The Sensex and Nifty ended slightly lower on Tuesday as investors saw recent strong gains as overdone, though the sentiment was broadly supported by hopes Parliament will soon pass a revamped Goods and Services Tax Bill.
The GST Bill, which has been listed for discussion by the Upper House of Parliament on Wednesday, would be the most far-reaching tax reform in India.
Domestic sentiment was boosted after India's weather office had said on Monday it expected June-September monsoon rains to be 106 per cent of a long-period average.
The NSE Bank Index eased 0.2 per cent, falling for a third consecutive session. The sub-index had surged 36 per cent from March to July.
ICICI Bank fell 1.7 per cent, extending declines to a second session after posting disappointing earnings on Friday.
Barring FMCG and IT, all other BSE sectoral indices ended lower. Among them, metal index fell the most by 1.78 per cent, realty 1.18 per cent, infrastructure 0.87 per cent and power 0.84 per cent, while FMCG index was up 1.68 per cent and IT 0.06 per cent.
Top five Sensex gainers were ITC (+3.73%), Maruti (+2.49%), Hero MotoCorp (+1.26%), ONGC (+1.01%) and Power Grid (+0.79%), while the major losers were Tata Motors (-2.8%), HDFC (-2.37%), Adani Ports (-1.62%), Bharti Airtel (-1.54%) and ICICI Bank (-1.54%).
GST Bill
Analysts however said the GST Bill's enactment was unlikely to spur any major rally given indexes were seen already reflecting a positive outcome.

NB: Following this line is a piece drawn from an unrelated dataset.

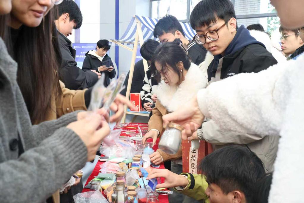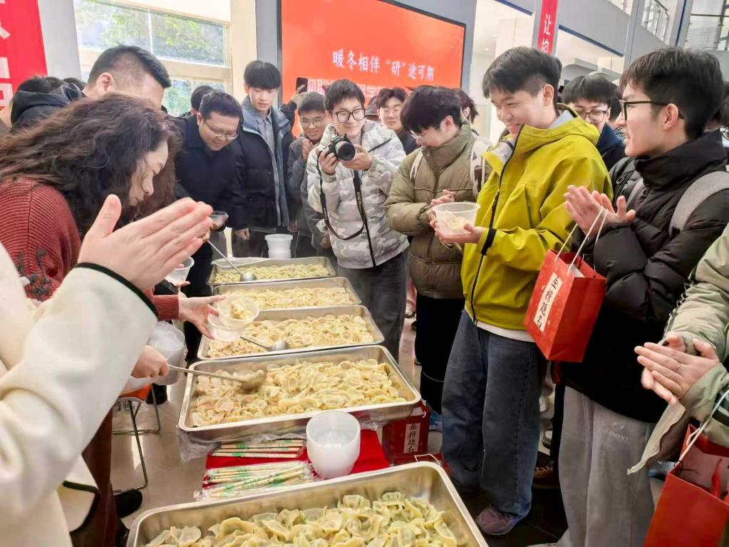 公司领导同班主任、辅导员老师为考研同学们送上学院精心准备的专属慰问礼包,每一件物品都蕴含着巧思与祝福,承载着学院对考研学子们的深切祝福和温暖关怀。印有姓名的定制可口可乐,寄托"独占鳌头"的期许;好丽友派象征研途挚友的温暖相伴;文具套装寓意"笔下生花"的才思泉涌;棒棒糖传递"越来越棒"的甜美祝愿;旺仔牛奶糖带来好运加持的活力能量;"纸定有你"便签本镌刻着金榜题名的坚定信念;更有一封来自辅导员满载温情的加油信,以“稳住心态、智慧冲刺”的贴心指导,为学子们注入了坚定的精神力量。活动现场,学院领导和老师们为考研学子分发了热腾腾的饺子,饺子寓意“骄子”,愿同学们能够不惧困难,踏实前行,终成“骄子”。

The NSE index hit its highest since April 2015 on Monday.
“A rally in the short-term might not sustain for too long," said Neeraj Dewan, director at Quantum Securities.
“We can also expect some amount of profit-booking happening as the Bill progresses.”
Global markets
European shares hit a two-week low on Tuesday following poor results from some firms, including Metro and chipmaker Infineon, and another day of weak performance for the banking sector.
The STOXX 600 fell 0.8 per cent, its lowest level since July 19.